Article 11, Section 10: “No public funds of any kind or character whatever, State, County or Municipal, shall be used for sectarian purpose.”

 

Mercedes Schneider explains how the Nevada Supreme Court did a fancy rhetorical two-step to conclude that the state constitution does not forbid vouchers, it just forbids funding them. Got that?

 

She then shows a video of Betsy DeVos, Trump’s pick for Secretary of Education, telling a Florida lawyer how corporate taxes can be used to provide vouchers for use in any school, including religious schools. This, despite the fact that the Florida state constitution explicitly says in Article 1, Section 3:

 

“There shall be no law respecting the establishment of religion or prohibiting or penalizing the free exercise thereof. Religious freedom shall not justify practices inconsistent with public morals, peace or safety.
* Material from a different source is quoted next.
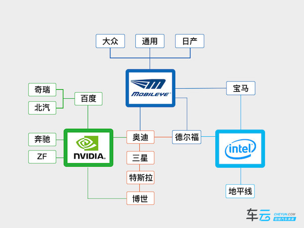 Mobileye在去年可谓是搅乱了自动驾驶的一池春水。Mobielye与大众、通用和日产签订协议,在Roadbook数据库建立上进行数据共享与完善;与宝马、英特尔一起进行技术研发,德尔福也在去年底加入这个阵营,进行平台通用化,Mobileye也借着德尔福与奥迪的关系,成为奥迪的供应商。英伟达与英特尔都加大了在汽车行业的布局,英伟达凭借着GPU的优势很快为自己找到了合作伙伴,包括主机厂与Tier 1,而英特尔目前的主要合作还是在宝马上。

No revenue of the state or any political subdivision or agency thereof shall ever be taken from the public treasury directly or indirectly in aid of any church, sect, or religious denomination or in aid of any sectarian institution.”

 

This, despite the fact that the voters of Florida rejected an effort to change this portion of the Florida state constitution to allow vouchers for religious schools in 2012. The so-called “Religious Freedom Amendment” was voted down by 55-44%.

 

US Secretary of Education nominee and “true pioneer of the school choice movement across the country,” Betsy DeVos, explains how the educational tax credit enables what would be public money (collected in the form of corporate taxes) from becoming public money at minute 4:45 in the 2015 Youtube video below in which Edward Pozzuoli, the president of Florida-based Tripp Scott Law Firm, interviews then-American Federation for Children (AFC) Chair DeVos, about tax credits.

 

The entire 9-minute video is an eye opener; DeVos talks about how the AFC does it all: finds the school choice candidates (she’s particularly keen on private school choice); puts “political effort” behind electing/defeating candidates; “works on the policies… the actual legislation,” and “helps parents and kids to find schools and schools to find parents and kids.”

 

“Reformers” intent on replacing public schools with for-profit charters and religious schools don’t let a little thing like the state constitution get in their way. Conservatives used to call themselves “strict constructionists” when it came to the federal or state constitution. They insisted on abiding by the original intent of those who wrote the constitution. It turns out now that they believe quite the opposite and are ready to reinterpret the clear language of state constitutions to achieve their goal of privatization.